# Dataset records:
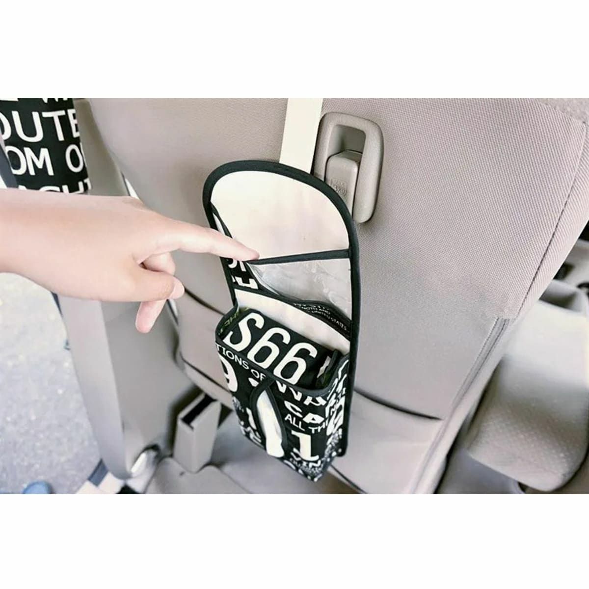 コードとフックを使ってヘッドレストやシートなどに引っかけアジャスターで固定し使用します。
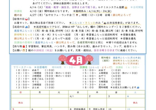 2026年4月開所カレンダー
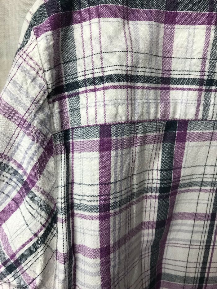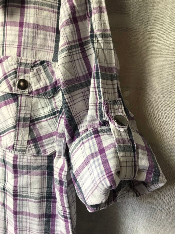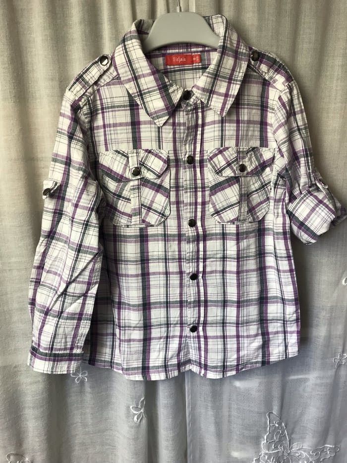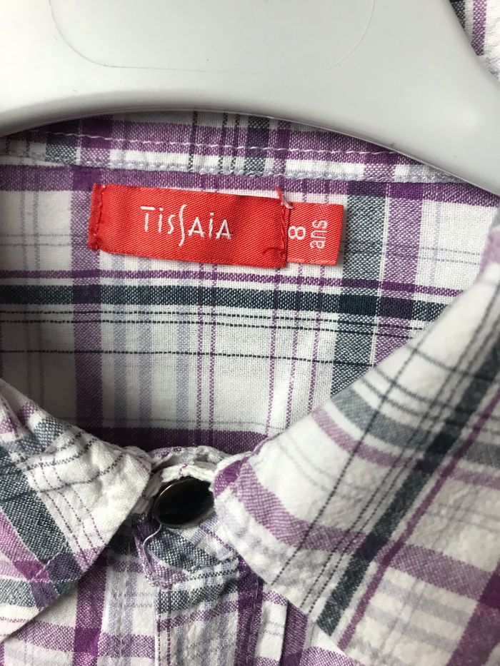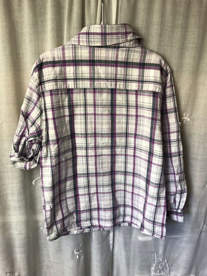 Chemisier chemisette blanche à carreaux écossaise violet/gris western 8 ans , ferme par pressions. Les manches se remontent par patte pression 2 poches avec rabats Tissaia Très bon état
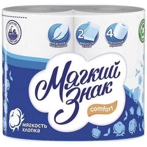 Туалетная бумага Мягкий Знак Comfort без аромата, белая, 2 слоя, 4 рулона, 144 листа, 18м
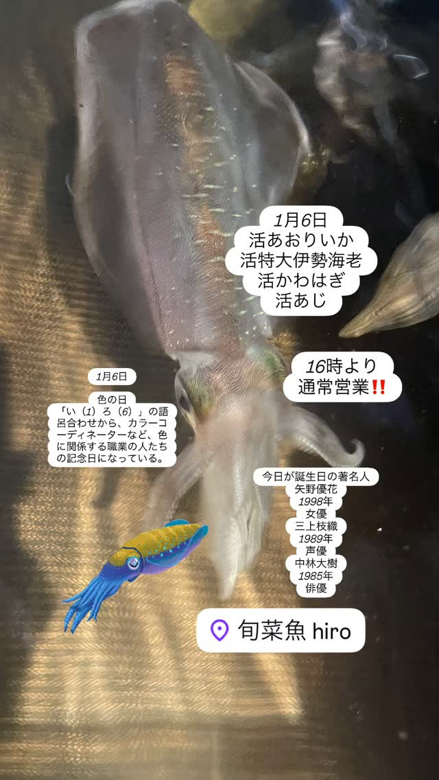 新鮮な活いかと魚、清瀬の野菜を

# THE PROBLEM:
Beginning at the line with "Туалетная бумага Мягкий", reproduce word for word each line through the last line of the records. Include both ends but no pictures.

# SOLVED PROBLEM:
 Туалетная бумага Мягкий Знак Comfort без аромата, белая, 2 слоя, 4 рулона, 144 листа, 18м
 新鮮な活いかと魚、清瀬の野菜を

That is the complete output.